ASC is known to carry out a number of biochemical functions that are a consequence of its ability to donate one or two electrons. Some known or proposed functions of ASC include its utilization as a free radical scavenger, a cofactor for a number of enzymes, and a controlling factor in plant cell development (26). However, many other functions of the ASC system as well as the precise mechanisms of its functions are still elusive. According to Shao et al. (33), EASC is almost as readily oxidized as ASC in an aqueous system and has reducing power similar to that of ASC. In a bioassay using tobacco hornworm (Manduca sexta) to determine the vitamin C activity of EASC, EASC supported the larval growth of the hornworm almost as well as ASC. This report suggests that EASC has biological properties similar to those of ASC. Considering that some eukaryotic microorganisms produce EASC instead of ASC, it is presumed that EASC may take the place of ASC in these microorganisms. In our previous study, EASC has been proved an important antioxidant molecule in S. cerevisiae (10), like ASC in animals and plants.

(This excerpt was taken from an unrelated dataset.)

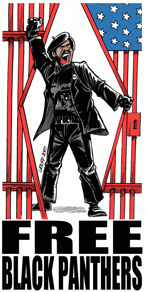Cartoon by Carlos Latuff, made for Black Panther Larry Pinkney, on behalf of Black Panther members jailed in US prisons – Public Domain
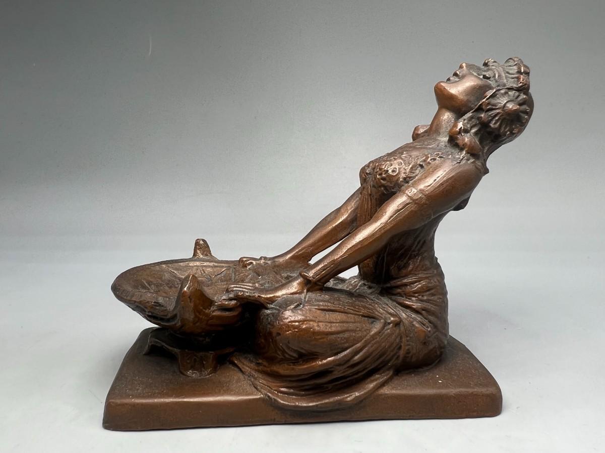 Antique Art Nouveau Bronze Egyptian Woman Incense Burner Weidlich Bros. WB Statue

C. albicans is a well-known opportunistic fungal pathogen of humans that does not usually cause disease in immunocompetent hosts but causes serious diseases in immunocompromised patients. A number of factors have been implicated to be associated with the virulence properties of C. albicans, such as adhesion to the host tissues, secretion of proteases, and reversible morphological transitions between yeasts, pseudohyphae, and hyphae (4). Recent studies have led to the identification of several genes involved in the transition from yeast-like growth to hyphal growth in C. albicans. Deletion of the Candida genes in a MAPK pathway, such as CST20, HST7, and CPHl, results in impairment of the ability to make hyphae under some conditions, albeit not in response to serum (16, 19, 22), suggesting that there is more than one pathway controlling hyphal growth. Another gene, EFG1, a homolog of S. cerevisiae PHD1, has been found in C. albicans, and its reduced expression causes loss of hyphal growth (36). The cphl/cphl efgl/efgl double mutants of C. albicans are unable to form hyphae under almost all laboratory conditions tested and are avirulent in a mouse model (23). These studies demonstrate the importance of the transition from yeast-like to hyphal growth in the virulence of C. albicans. The ability to adhere to the host tissues has been also proved important in the pathogenicity of C. albicans. Recently, Int1p, a surface protein with limited similarity to vertebrate integrins, has been found in C. albicans. Disruption of INT1 in C. albicans suppresses hyphal growth, adhesion to epithelial cells, and virulence in mice (8). Another hypha-specific surface protein, Hwplp, with similarities to small mammalian proline-rich proteins, has been found in C. albicans and shown to serve as a substrate for mammalian transglutaminases. The hwpl/hwpl mutants of C. albicans are unable to form stable attachments to human buccal epithelial cells and have a reduced capacity to cause systemic candidiasis in mice (35).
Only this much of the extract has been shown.